>There’s no way Oculus VR is worth anything like the $2 billion that Facebook is offering for it. The company has no revenue, no product on the market, and an unproven technology.
Many keep repeating "there is no bubble", but it is hard for me to believe. The party has to end sometime.
I don't necessarily disagree, but of all the high valuations these days, Oculus strikes me as one of the least offensive. Nearly everyone who has used it has described it as potentially revolutionary. They have a huge lead on competitors, and I'm guessing they may have some patents on key innovations.
He's wrong about Oculus having no revenue: they've sold about $27million in Dev kits and DK2 pre-orders. The writer suggests a valuation of $20million, but didn't even do any research.
What he says at the beginning about the reason inflation is low despite low interest rates being a game of trust is pretty odd-ball as well.
One thing thing that is inflated is Forbes-blogger pagerank, due to Forbes smothering a bunch of crappy blogs in pools of their magazine operation's pagerank.
(I think the Oculus valuation might be high because I don't know of any exclusive patents, etc. they hold. But, both the Anderssen round of investment and the Facebook buyout were supposedly in response to a prototype that hasn't been revealed yet. If they have integrated foveated rendering in a proprietary way, etc. they could take a huge lead as VR explodes)
Oculus does have a real, physical, available product - I've used one personally that my friend bought (albeit through the kickstarter page). There are definitely people who are interested and it actually worked relatively well. Maybe it won't catch on, but I don't think it's absurd like many other tech start ups.
Plus, they weren't bought for $2 billion. They were bought for $400 million in cash and the $1.6 billion in FB stock which is quite a different thing. If you believe that FB is overpriced, then they were really bought for a lot less than $2 billion.
Having a functioning prototype that is good enough to sell is a massive hedge against failure. Even if the company flops, the tech is going to be worth _something_ substantial. This is in contrast to a device that exists on paper only: concepts are useful, and engineering has value, but without an physical device there are a lot of reality checks left.
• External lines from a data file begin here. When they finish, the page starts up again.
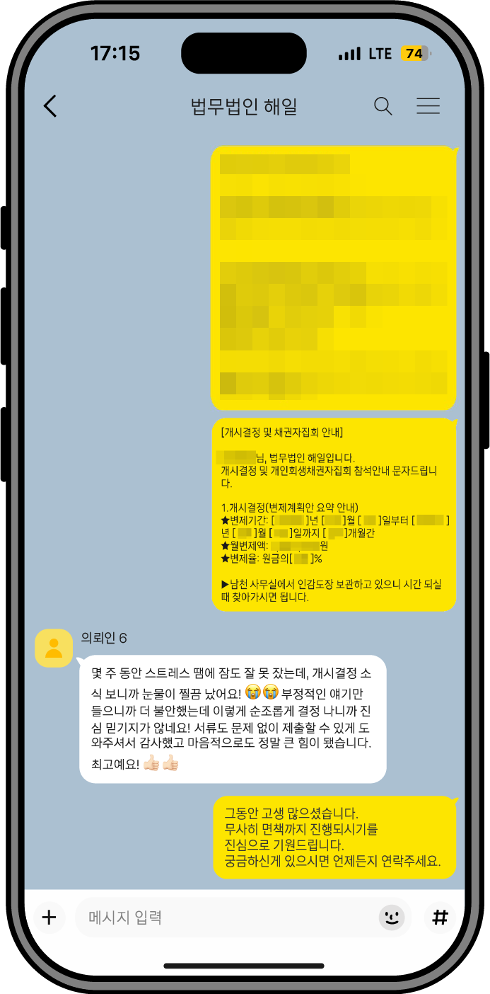 압류 예방 등 법적 보호가 즉시 적용됩니다.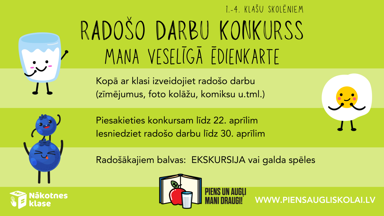 #KONKURSS “Mana veselīgā ēdienkarte” – aizraujoša iespēja 1. – 4. klasēm izpaust savu radošumu un zināšanas par veselīgu uzturu!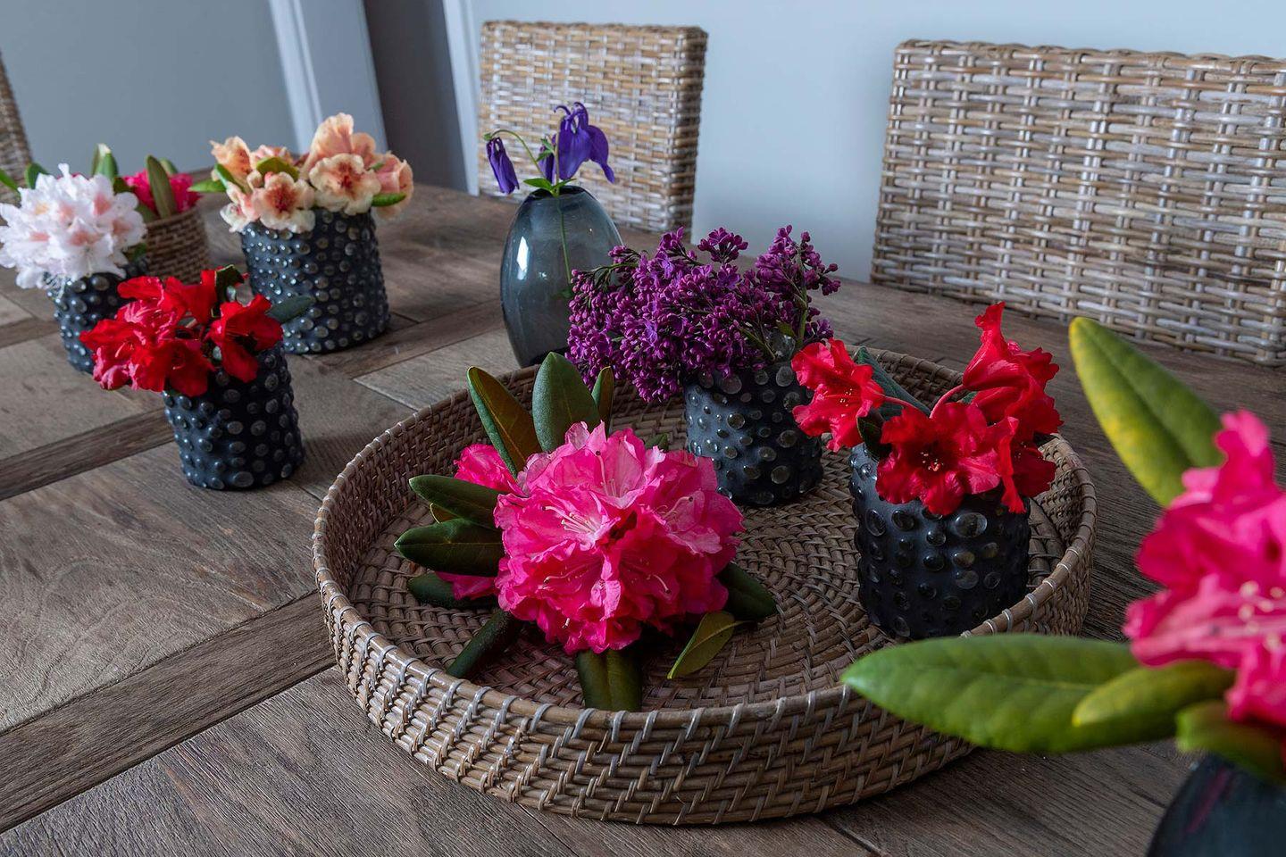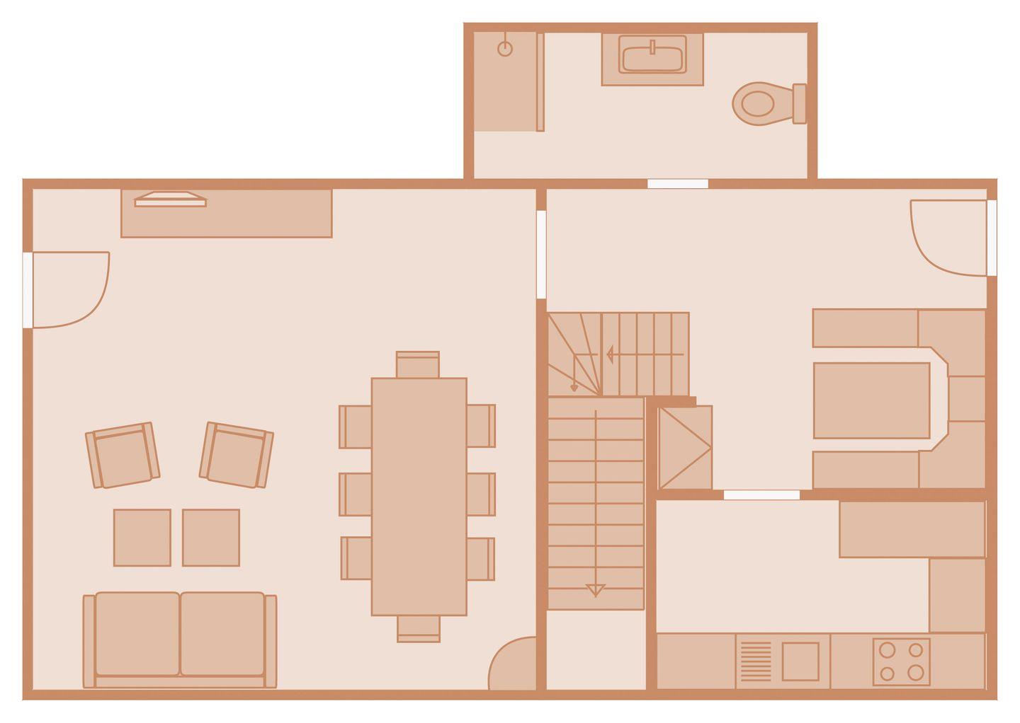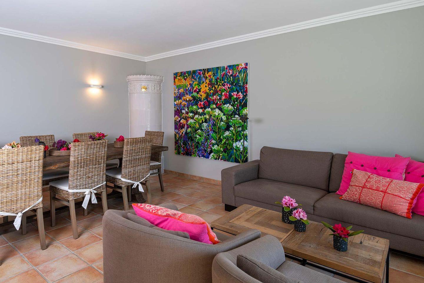 Das exklusive 5-Sterne Ferien Domizil ist ein großzügiger Ort. Auf 125 m² verteilt auf drei Ebenen, bietet es für maximal sechs Personen viele Möglichkeiten, sich zu versammeln, gemeinsam zu essen, ausgiebige Gespräche am langen Esstisch zu führen oder sich einfach nur zurück zu ziehen. Von klarer Hand und mit einer Vorliebe für warme und leuchtende Farben, wurde das Domizil im Winter 2014 neu konzipiert und ausgestattet. Während die Räume des Obergeschosses und des Spitzgiebels mit ihren pastelligen Tönen ein angenehmes und ausgleichendes Wohnklima vermitteln, wirken die warmen Rot- und Violetttöne des Erdgeschosses belebend auf seine Bewohner. Das helle Wohnzimmer mit seinem großen Essplatz und gemütlichen Loungebereich spiegelt den Anspruch zeitgemäßen Wohnens. Warme Rottöne werden hier kombiniert mit Erdfarben und Naturtönen. Im Eingangsbereich, zwischen Küche und Wohnzimmer, findet sich ein weiterer großer Tisch mit umlaufender Sitzbank. Dieser Platz ist bereits avanciert zum Lieblingsplatz der jüngsten Bewohner, denn hier hat man alles im Blick. Die große Terrasse erweitert den Wohnbereich zu den Sonnenplätzen im Garten. Schöne Gartenmöbel laden zum Entspannen und Wohlfühlen im eingewachsenen Garten ein.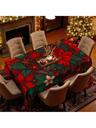 1pc Christmas Tablecloth - Modern Style Tablecloth With Red Wavy Floral Edges (Red & White Flowers), Ivy, Berries, Pine Branches, And Snow Flake Decor - Durable Polyester Fabric - Fits Rectangular & Round Tables, Ideal For Christmas Gifts, New Year Celebrations, Christmas Dinner Table Decor, Christmas Decorations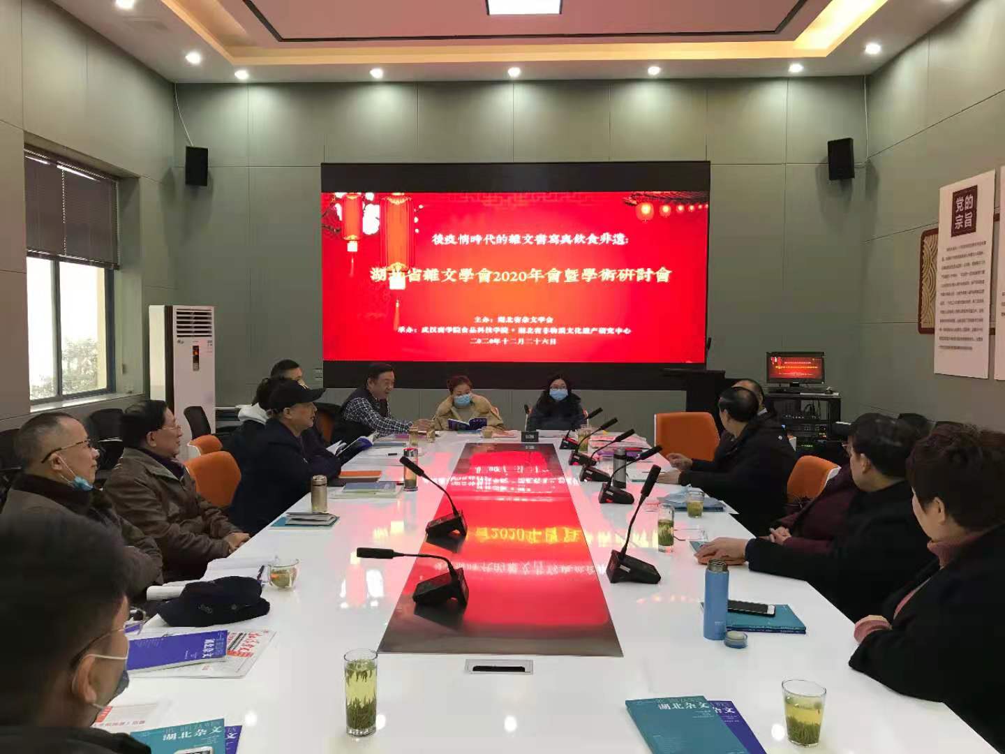 本院讯 12月26日,由湖北省杂文学会主办、武汉商学院精品国产91和湖北省非物质文化遗产研究中心承办的湖北省杂文学会2020年会暨学术研讨会,在我院会议室隆重举行。来自武汉、黄石、咸宁、松滋等地的湖北省杂会学会的会长、副会长、理事及湖北省非物质文化遗产研究中心的专家、教授等近20人与会。

It's the hardware equivalent of ideas are cheap, but implementations are where real value lies.
Oculus really is the wrong company to use to prove we're in a bubble. By most accounts, it's the first good implementation of a technology that we know is going to be huge in the future (see every scifi world ever). Of course it's a risky investment, but the potential payoff is undeniably huge
Sure, the party will end, but how the heck is that going to turn into consumer goods inflation? What "trust" is he ranting about? How is AirBnB going to make chicken unaffordable?
There's no bubble, just way to much money floating around and nothing interesting to buy. Supply of money vastly exceeds the amount of worthy investment vessels. An if you can get a good return at least get lousy return (or none at all) with very small chance of getting awesome return. What are you going to do with your bazzillion dollars? Buy a hotel chain? Another one? Give me a break!
The party won't end until interest rates return to natural levels. Until then you're going to have a tremendous amount of volatility and a market continuing to grow faster than GDP.
Yes, at some point between now and the heat death of the universe, the stock prices of technology companies is very likely to go down. This is not only information-free, it's also not a contrarian opinion.
Many keep repeating "there is no bubble", but it is hard for me to believe. The party has to end sometime.